Back in the late 1970’s and early 1980’s when fuel gas prices were high, energy utilization assumed major importance. A new method of calculating heat exchanger networks was developed. It was called Pinch Technology. Today pinch has been rediscovered by engineers who have access to fast computer simulation models. But as occurs with any older method that is rediscovered by a newer generation, enthusiasm generated by the rediscovery tends to obscure the deficiencies while highlighting only advantages. The fact is that Pinch Technology does have value — but its usefulness has certain limitations which must be recognized if it is to be truly useful.

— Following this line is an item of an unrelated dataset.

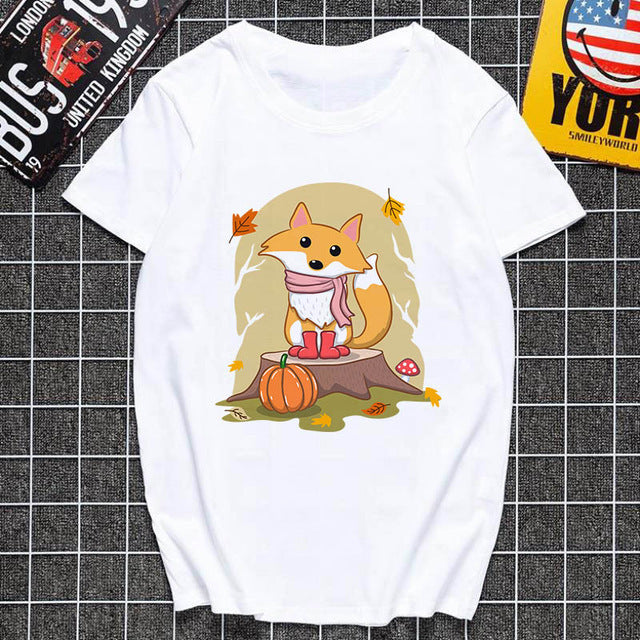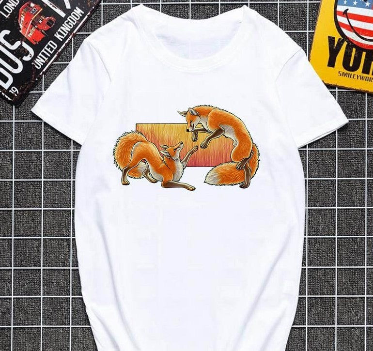 Cute fox printed T shirt Women Harajuku Tshirt Thin section
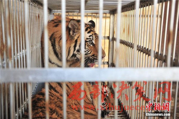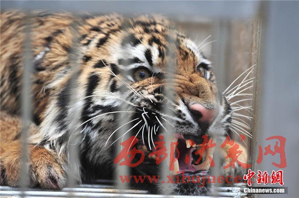 4月5日,關(guān)在籠子里的老虎。當(dāng)日,云南野生動(dòng)物園6頭老虎從繁育中心搬入散養(yǎng)區(qū),經(jīng)過一段時(shí)間的觀察適應(yīng)期后,就可以與游客見面。據(jù)工作人員介紹,在繁育中心人工飼養(yǎng)長(zhǎng)大的老虎到繁殖年齡后,就會(huì)搬到有更大活動(dòng)空間的散養(yǎng)區(qū)。云南野生動(dòng)物園是中國(guó)十大老虎繁殖基地之一。

Pinch analysis relies heavily on thermodynamics but relegates practical concerns such as crude hydraulics and distillation to secondary importance. But exchangers are part of the larger integrated system. Forgetting this invites the inevitable—a beautiful pinch analysis for a crude unit, for example, can be rendered meaningless by cold desalters, desalter rag layers, fouling and corrosion in exchangers, coking in fired heaters and poor residue stripping and fractionation. Disregarding these realities can only invite problems, especially with heavy crude oils. The lessons to be learned are that designing grass roots units and when revamping, one should profit from know-how and experience. If a proven design differs from what pinch analysis tells you, weigh your decision carefully. A unit that does not meet processing objectives and is very difficult to start-up is a humbling experience. For revamps it is crucial to know what equipment constraints exist as determined by a comprehensive test run and data analysis. Ultimately the refiner wants something that works, not a theoretically perfect design that operates poorly.

Today fuel prices are sky high. Supplies are tight and because they will remain so until LNG is politically accepted, it is critical that we develop new economies employing state of the art technology. But let us remember that pinch analysis is not new. We have had more than 25 years to evaluate it. Yet it will be useful only when it is used by practical engineers with actual experience with the process being designed.